Even though it only caused problems in development environments with smaller node sizes it still surprised some of our developers, since we expected the size of development clusters to have enough resources.

I thought it would be a good chance to go a bit deeper and verify some of our assumptions and also learn more about various components that usually “just works” and isn’t really given much thought.

First I do a kubectl describe node <node> on 2-3 of the nodes to get an idea of how things are looking:

Resource                       Requests          Limits
--------                       --------          ------
cpu                            930m (98%)        5500m (585%)
memory                         1659939584 (89%)  4250M (228%)

So we are obviously hitting the roof when it comes to resources. But why?

Node overhead

We use Standard DS1 v2 instances as AKS nodes and they have 1 CPU core and 3.5 GiB memory.

The output of kubectl describe node also gives us info on the Capacity (total node size) and Allocatable (resources available to run Pods).

Capacity:
 cpu:                            1
 memory:                         3500452Ki
Allocatable:
 cpu:                            940m
 memory:                         1814948Ki

So we have lost 60 millicores / 6% of CPU and 1685Mi‬B / 48% of memory. The next question is if this increases linearly with node size (the percentage of resources lost is the same regardless of node size) or is fixed (always reserves 60 millicores and 1685Mi of memory), or a combination.

I connect to another cluster that has double the node size (Standard DS2 v2) and compare:

Capacity:
 cpu:                            2
 memory:                         7113160Ki
Allocatable:
 cpu:                            1931m
 memory:                         4667848Ki

So for this the loss is 69 millicores / 3.5% of CPU and 2445MiB / 35% of memory.
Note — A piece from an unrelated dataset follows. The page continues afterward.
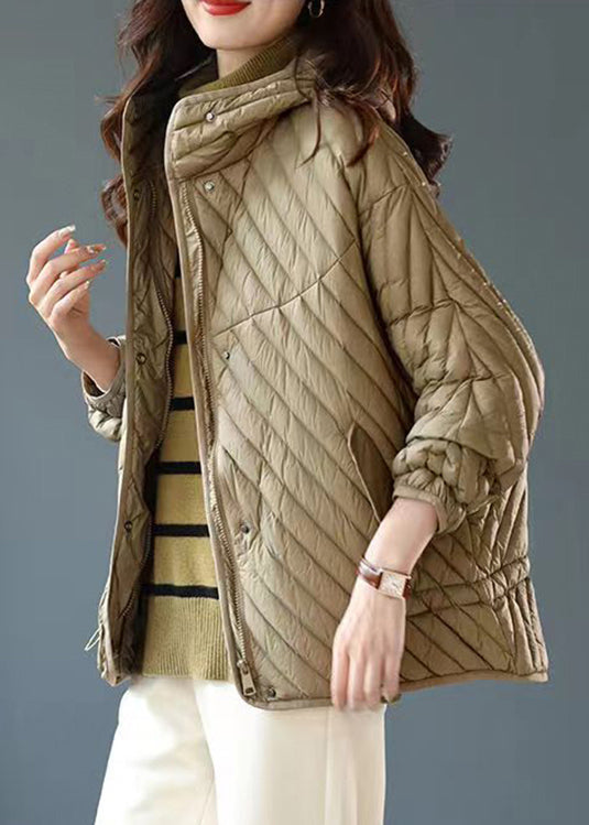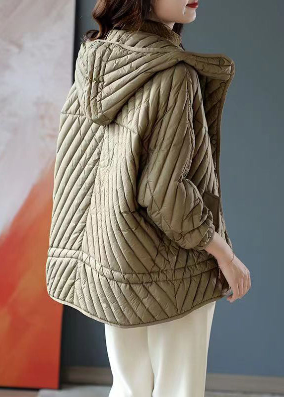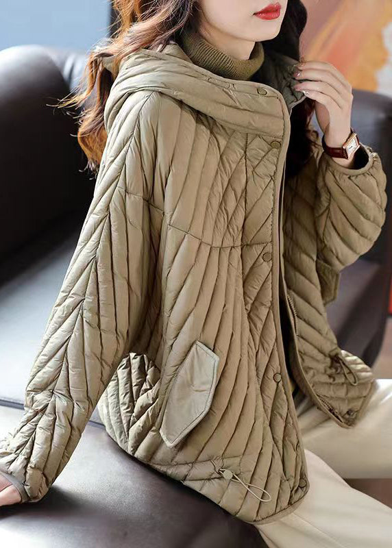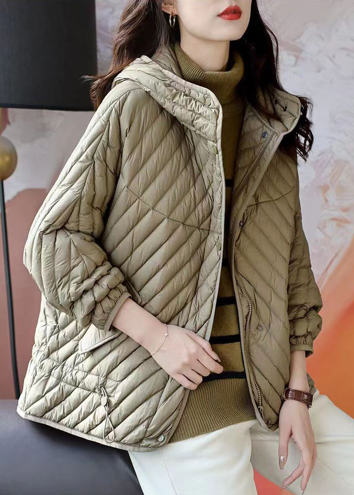 Loose Green Hooded Pockets Drawstring Duck Down Coat Winter

So CPU reservations are close to fixed regardless of node size while memory reservations are influenced by node size but luckily not linearly.
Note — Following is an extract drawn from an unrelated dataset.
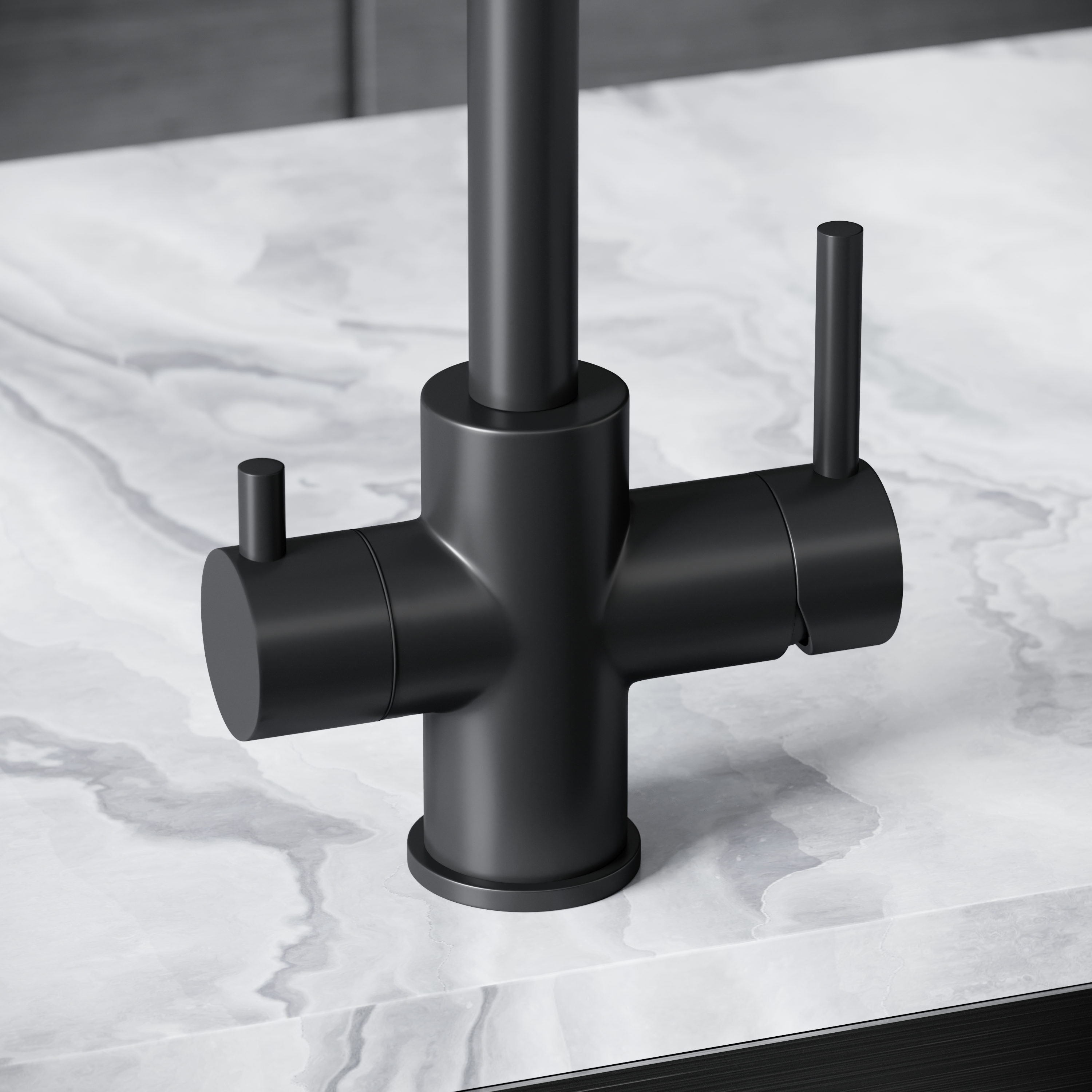 В комплекте: смеситель, комплект для подключения к фильтру, подводка для воды, монтажный комплект

What causes this “waste”? Reading up on kubernetes.io gives a few clues. Kubelet will reserve CPU and memory resources for itself and other Kubernetes processes. It will also reserve a portion of memory to act as a buffer whenever a Pod is going beyond it’s memory limits to avoid risking System OOM, potentially making the whole node unstable.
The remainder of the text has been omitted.